ANTRIM, Northern Ireland, (Reuters) – The dissident republican group Real IRA claimed responsibility yesterday for killing two British soldiers in Northern Ireland, one of the worst attacks since a 1998 peace deal stemmed years of violence.
Gunmen shot the soldiers as they picked up pizzas at the gates of an army base near Antrim on Saturday night. Four people, including two pizza delivery men, were wounded.
A caller to the Sunday Tribune newspaper claimed responsibility for the shooting in the name of the South Antrim brigade of the Real IRA.
“He said he made, and the Real IRA made, no apology for targeting British soldiers while they remained what he called occupying the north of Ireland,” Suzanne Breen, a journalist at the newspaper, told Sky News.
The Real IRA, a splinter group from the Irish Republican Army, carried out the deadliest single bombing of Northern Ireland’s sectarian “Troubles” in the market town of Omagh in August 1998. Twenty-nine people were killed.
Northern Ireland’s former foes vowed the killings in Antrim would not plunge the province into a new cycle of violence.
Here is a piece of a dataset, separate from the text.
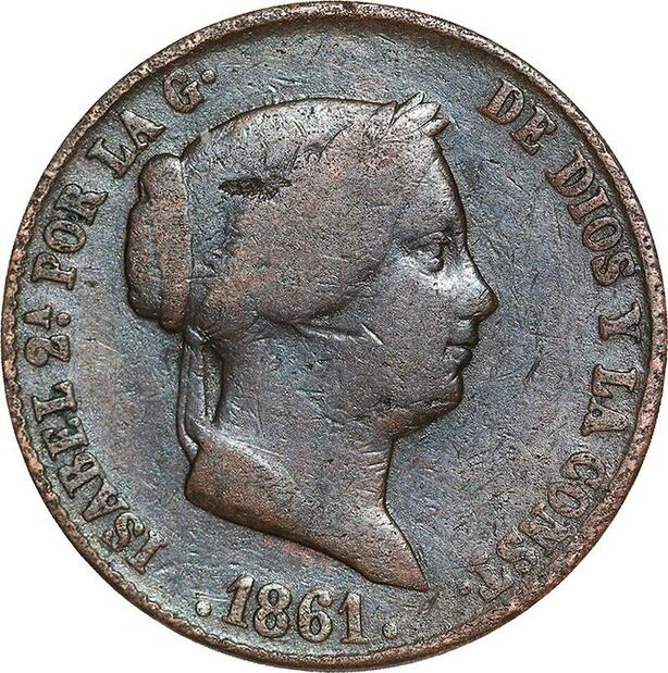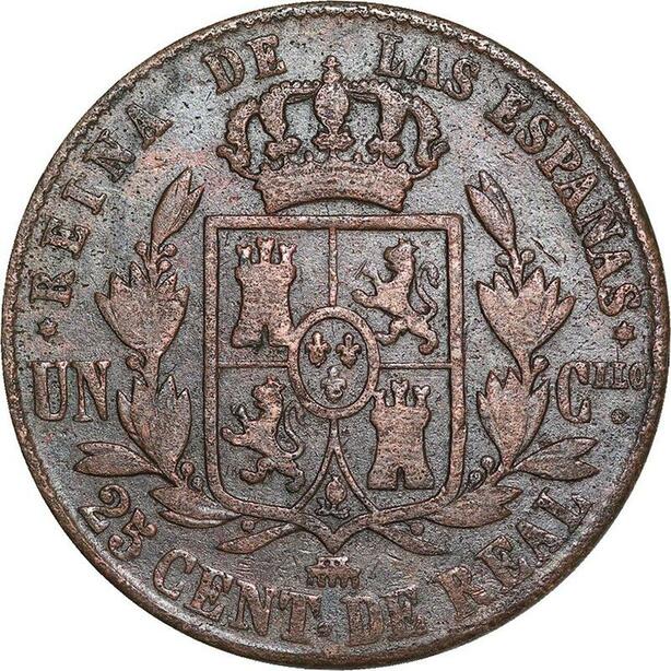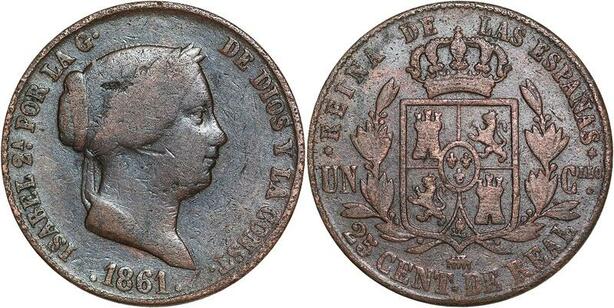 R3886 Spain 25 Centimos Isabel II 1861 Aqueduct -> Make Offer

“Their intention is to bring British soldiers back onto the streets. They want to destroy the progress of recent times and to plunge Ireland back into conflict,” said Sinn Fein President Gerry Adams, for years the face of republican opposition to British rule in Northern Ireland.
The victims were collecting the pizza at the Massereene barracks near Antrim, 15 miles (25 km) northwest of Belfast, when the gunmen pulled up in a vehicle and opened fire.
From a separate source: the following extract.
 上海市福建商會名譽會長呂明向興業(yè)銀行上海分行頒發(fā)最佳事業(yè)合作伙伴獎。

After an initial burst of gunfire, the attackers walked up and shot the victims as they lay on the ground, Irish state broadcaster RTE said.
The two soldiers who were killed were in their 20s and due to fly out for duty in Afghanistan. They were the first British soldiers to be killed in Northern Ireland for 12 years.
Police said one of the delivery men, a Polish national, was critically injured.
The 1998 Good Friday peace accord ended 30 years of conflict in Northern Ireland in which more than 3,000 people were killed. But sporadic violence, much of it crime-linked, has continued.
The IRA, which sought a united Ireland and drew support from the minority Roman Catholic community, and pro-British Protestant guerrilla groups agreed to ceasefires under the deal.
Saturday’s shooting followed a police warning last week that the threat from splinter groups from the Irish Republican Army was again high. It also came after reports, which angered nationalist politicians, that members of Britain’s Special Reconnaissance Regiment had returned to the province.
Northern Ireland First Minister Peter Robinson said IRA splinter groups and “crazies with guns in their hands” did not have public support. “Whether it’s the Real IRA or the Continuity, IRA they need to be defeated.”
The violence appeared to be a tactic to provoke a reaction from loyalist supporters of British rule, said Pete Shirlow, senior lecturer at Queen’s University Belfast School of Law.
The main threat was how those loyalists would react, he said. But there would need to be a sustained level of new violence for the peace process to risk breakdown.
“I don’t think we can go back to what we had (in the Troubles) but it creates unease, it creates uncertainty.”
Northern Ireland’s Deputy First Minister Martin McGuinness, a former IRA guerrilla commander turned peace negotiator, said elements in both the republican and loyalist camp were hostile to the peace process but they were in a minority.
“We have to move forward, keep our nerve and continue to show that politics works, because under no circumstances can we allow microgroups like this into the driving seat,” he told RTE.